_Prompt_
Give the data again exactly, without images.

_Information provided_
_ _ _

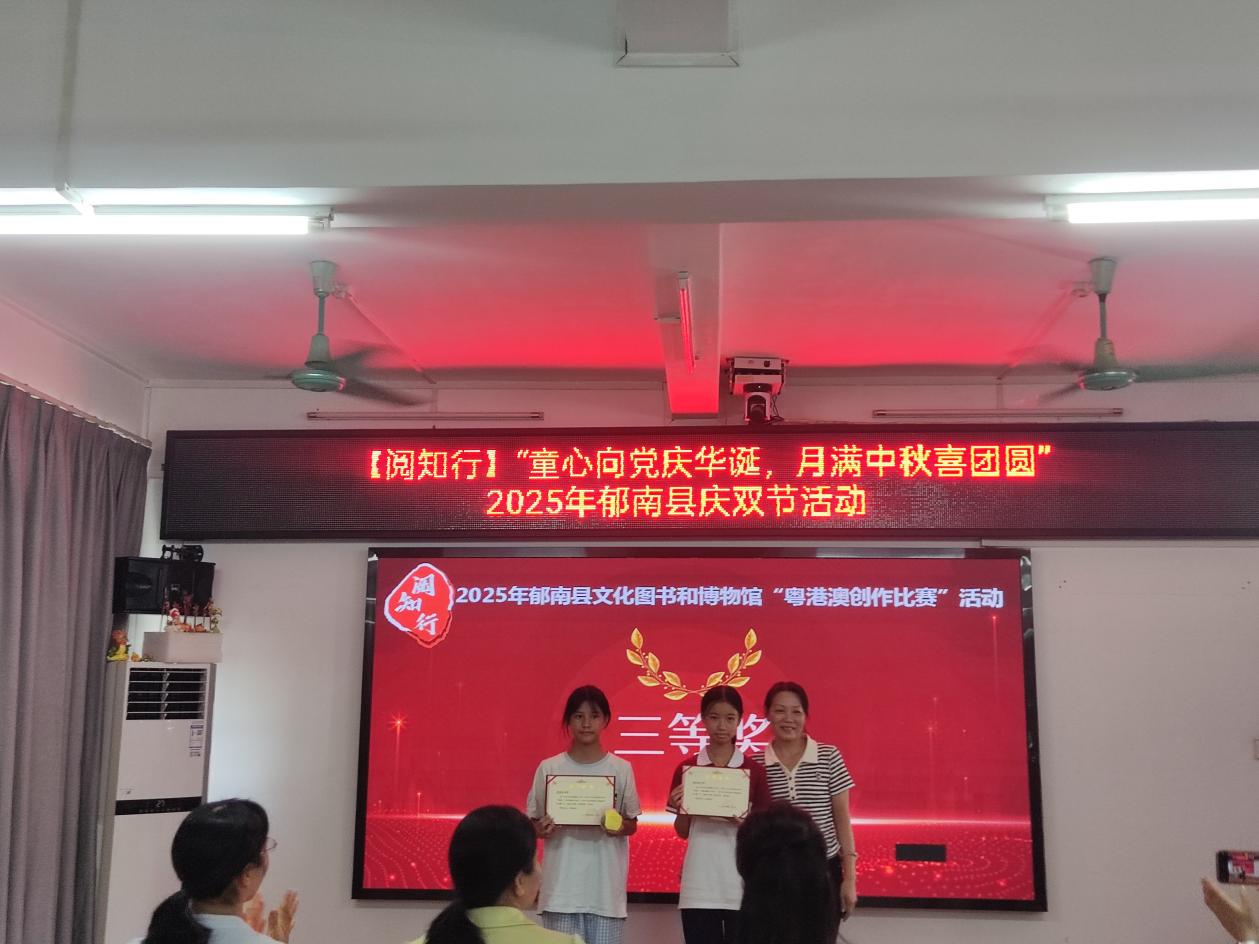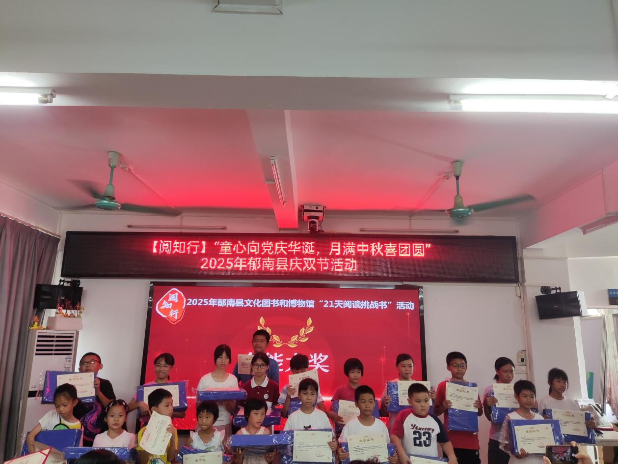 金秋十月,家國同慶。2025年10月1日上午10時,由中共郁南縣委宣傳部、郁南縣文化廣電旅游體育局主辦,郁南縣文化圖書和博物館承辦的“童心向黨慶華誕,月滿中秋喜團圓”雙節(jié)慶?;顒?,在郁南縣圖書館四樓溫情落幕?;顒右浴皞鞒袀鹘y(tǒng)文化、厚植家國情懷”為主線,通過“頒獎、誦讀、親子手工”三大環(huán)節(jié),融合書香雅韻與節(jié)日氛圍,為現(xiàn)場親子家庭呈現(xiàn)了一場意蘊深厚的文化體驗,收獲了廣泛好評。
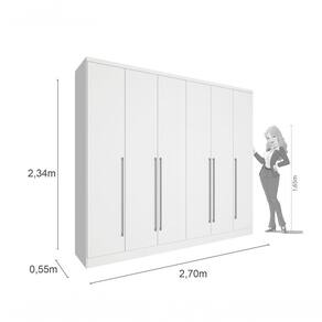 O Guarda Roupa 6 portas Sevilla possui design minimalista, destacando os belos puxadores em alumínio. Produzido em MDP, com espaço ele e ela, oito gavetas com corrediças metálicas, puxadores em alumínio de alto acabamento, oito prateleiras independentes, espaço para roupas longas, maleiro amplo, dobradiças 26mm, espelhos e pés opcionais.
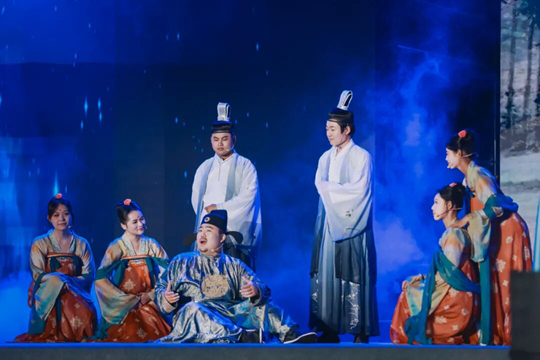 “唐詩里的長安,是朝思暮想,也是蕩氣回腸……”話劇團表演者衣著漢服,借現代話劇的敘事語言,探索長安這片與歐亞共生的土壤,拾起古人對世界的感知以及生活的熱愛。
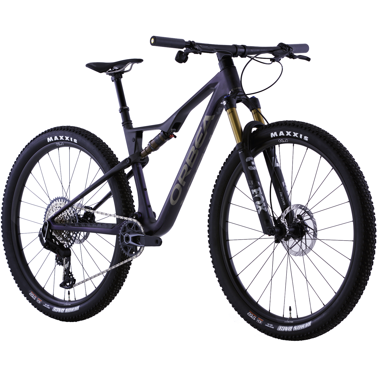 The M-PRO X0 AXS T-Type version of the Orbea Oiz comes with a SRAM X0 Eagle AXS 12-speed drivetrain. With an ultra-wide 10-52T cassette on the rear, you’ll have no issues climbing all the way to the top of the summit and getting on that podium during your next marathon race. SRAM Level Silver 2-piston hydraulic disc brakes provide exceptional stopping power so you can descend under control. OQUO Mountain Performance MP30TEAM tubeless-ready carbon fiber rims are paired with Maxxis Rekon Race Tires that can be set up tubeless for a smoother ride, better traction, and fewer flats. Ditch them tubes! With the Fox Transfer SL Performance Dropper Post, you’ll get 125/150mm of drop so you can descend under control and climb efficiently without dismounting your bike.

_ _ _

_Solution for this task_
 金秋十月,家國同慶。2025年10月1日上午10時,由中共郁南縣委宣傳部、郁南縣文化廣電旅游體育局主辦,郁南縣文化圖書和博物館承辦的“童心向黨慶華誕,月滿中秋喜團圓”雙節(jié)慶?;顒?,在郁南縣圖書館四樓溫情落幕?;顒右浴皞鞒袀鹘y(tǒng)文化、厚植家國情懷”為主線,通過“頒獎、誦讀、親子手工”三大環(huán)節(jié),融合書香雅韻與節(jié)日氛圍,為現(xiàn)場親子家庭呈現(xiàn)了一場意蘊深厚的文化體驗,收獲了廣泛好評。
 O Guarda Roupa 6 portas Sevilla possui design minimalista, destacando os belos puxadores em alumínio. Produzido em MDP, com espaço ele e ela, oito gavetas com corrediças metálicas, puxadores em alumínio de alto acabamento, oito prateleiras independentes, espaço para roupas longas, maleiro amplo, dobradiças 26mm, espelhos e pés opcionais.
 “唐詩里的長安,是朝思暮想,也是蕩氣回腸……”話劇團表演者衣著漢服,借現代話劇的敘事語言,探索長安這片與歐亞共生的土壤,拾起古人對世界的感知以及生活的熱愛。
 The M-PRO X0 AXS T-Type version of the Orbea Oiz comes with a SRAM X0 Eagle AXS 12-speed drivetrain. With an ultra-wide 10-52T cassette on the rear, you’ll have no issues climbing all the way to the top of the summit and getting on that podium during your next marathon race. SRAM Level Silver 2-piston hydraulic disc brakes provide exceptional stopping power so you can descend under control. OQUO Mountain Performance MP30TEAM tubeless-ready carbon fiber rims are paired with Maxxis Rekon Race Tires that can be set up tubeless for a smoother ride, better traction, and fewer flats. Ditch them tubes! With the Fox Transfer SL Performance Dropper Post, you’ll get 125/150mm of drop so you can descend under control and climb efficiently without dismounting your bike.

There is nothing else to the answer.